A ping then reverberates through my skull and it’s an email from the boss. “Hey gang! On the Viagra deck, can we fix the tagline on Page 1? It says, ‘Built to make moments that last,’ but legal says we have to say, ‘Built to make moments that last longer.’ Thanks, everyone!” I touch it up on V3.
I go back to perusing through dystopic images of the orange sky in New York City and reading attendant articles about why climate disaster is inevitable. My other direct report sends a Slack message asking about the status of the blog “5 Ways to Yassify Your Budget.”
It seems like any attempt to make sense of the discourse or the 24/7 news cycle would involve taking a long metal object like a Korean chopstick and inserting it up my nose. It would have to be pushed and pushed upward until the cribriform plate is broken and the chopstick slides directly into my brain. Wiggle it vigorously around until it is permanently lodged.
A threatening and annihilating headline zooms by: “Texas Attorney General Thinks Women Should Not Exist.”
Another ping, another email from the boss. “Also, on Page 5, the client thinks the elderly couple on the porch looks a little too horny. Can we scale that back a little and align on something more wholesome? Anyone have the bandwidth to make this edit?” I confirm that I have the bandwidth to undertake this crucial change and send a V5 with reduced horniness.

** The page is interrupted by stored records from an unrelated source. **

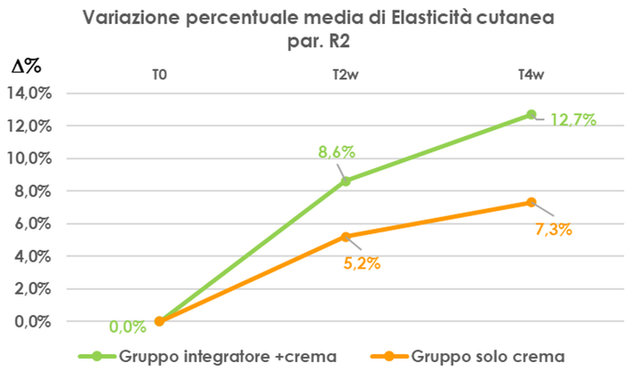 Figura 1. Variazione percentuale media di Elasticità cutanea espressa col parametro R2 di entrambi i gruppi di studio. Tutti i dati sono statisticamente significativi P<0.05.
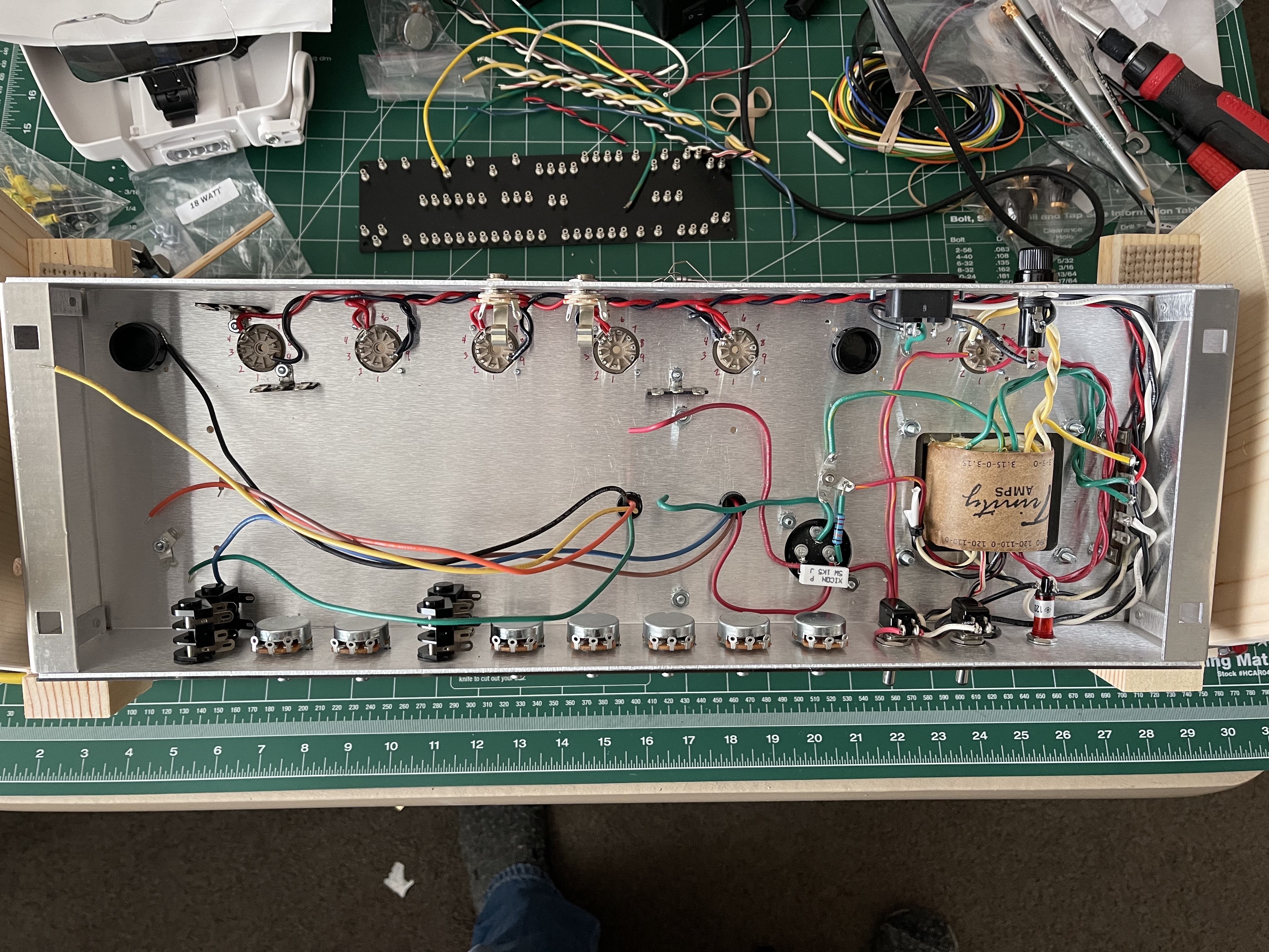 The next step is building the head and speaker cabinets. That might take me a few weeks but I will post pictures in this thread when it's done.
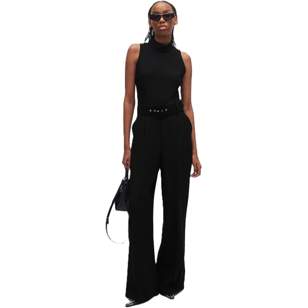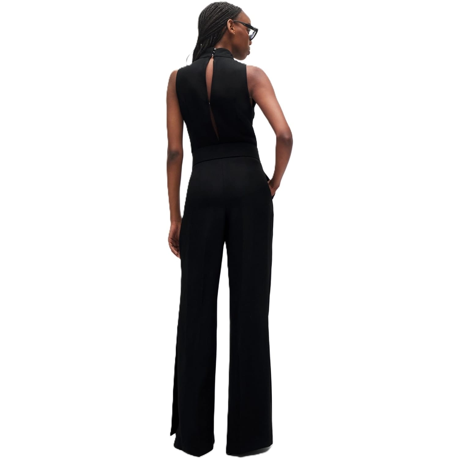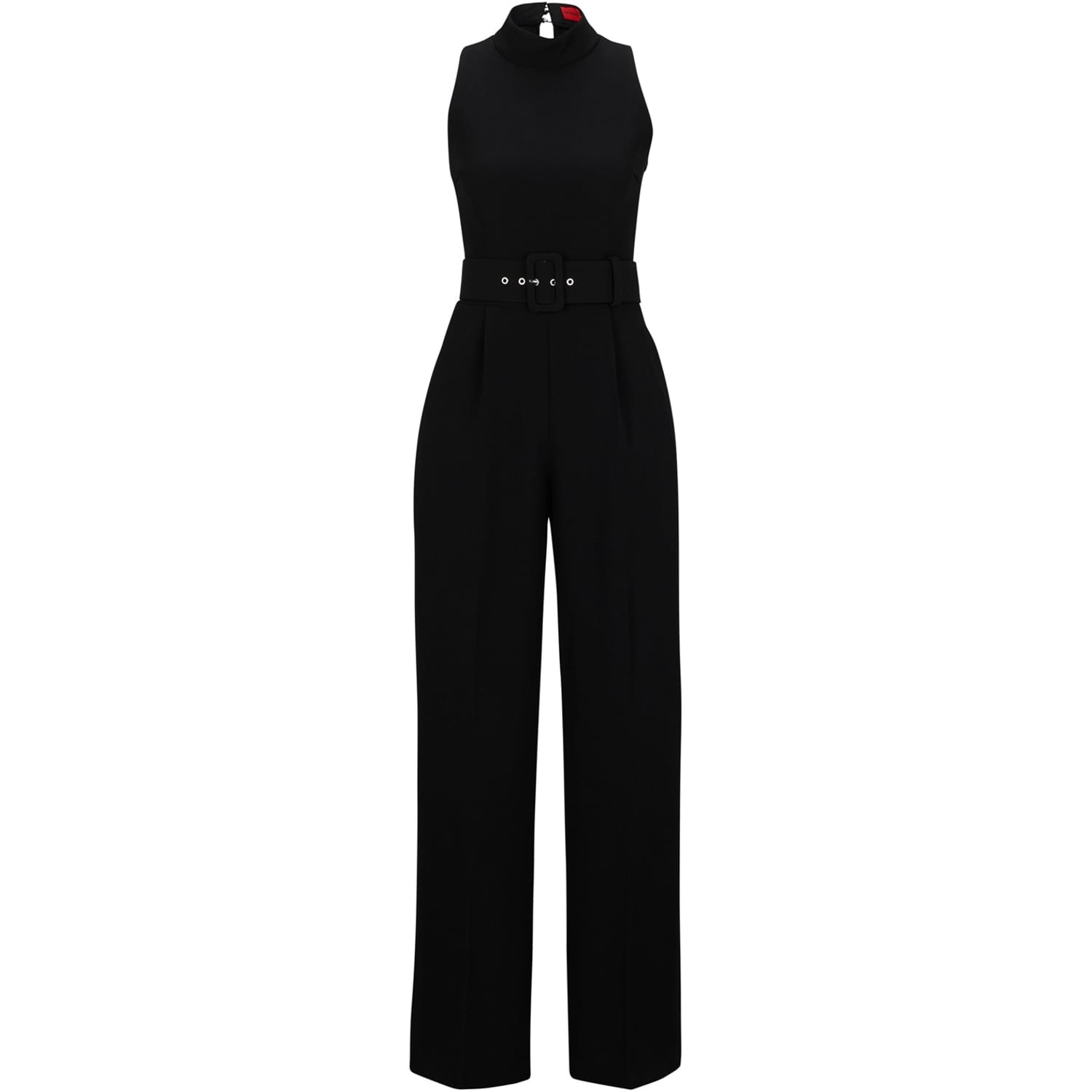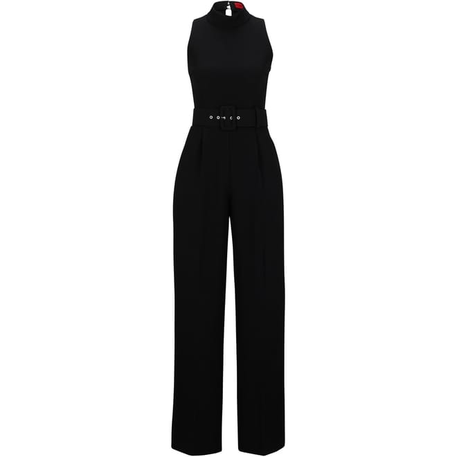 Discover the Hugo sleeveless jumpsuit, featuring a mock neck and a regular fit. This elegant piece is designed with a back slit and offers a secure fit with a buckle and zipper closure. Perfect for those seeking a stylish and sophisticated look. -

My Very Online socialist friend hate-shares a feature piece from The Economist about how millions of poor people are dying because they can’t afford housing and healthcare and this is actually good for the economy. The virtual company townhall is playing full-screen on the other duel monitor, and the CEO announces that they have a surplus of $10 million due to WFH policies and record profits, so they will invest it in opening a new office and giving every team member a $20 Starbucks gift card as appreciation.
Like a sick pervert, I reflexively spring back online for some more slop, like a piggy to the troth. It appears that the Supreme Court has ruled in favor of guns being citizens.
Then one more ping, one more email from the boss. “Actually, the client kinda likes the horny old people. So let’s go back to that other V if we can. Thanks!”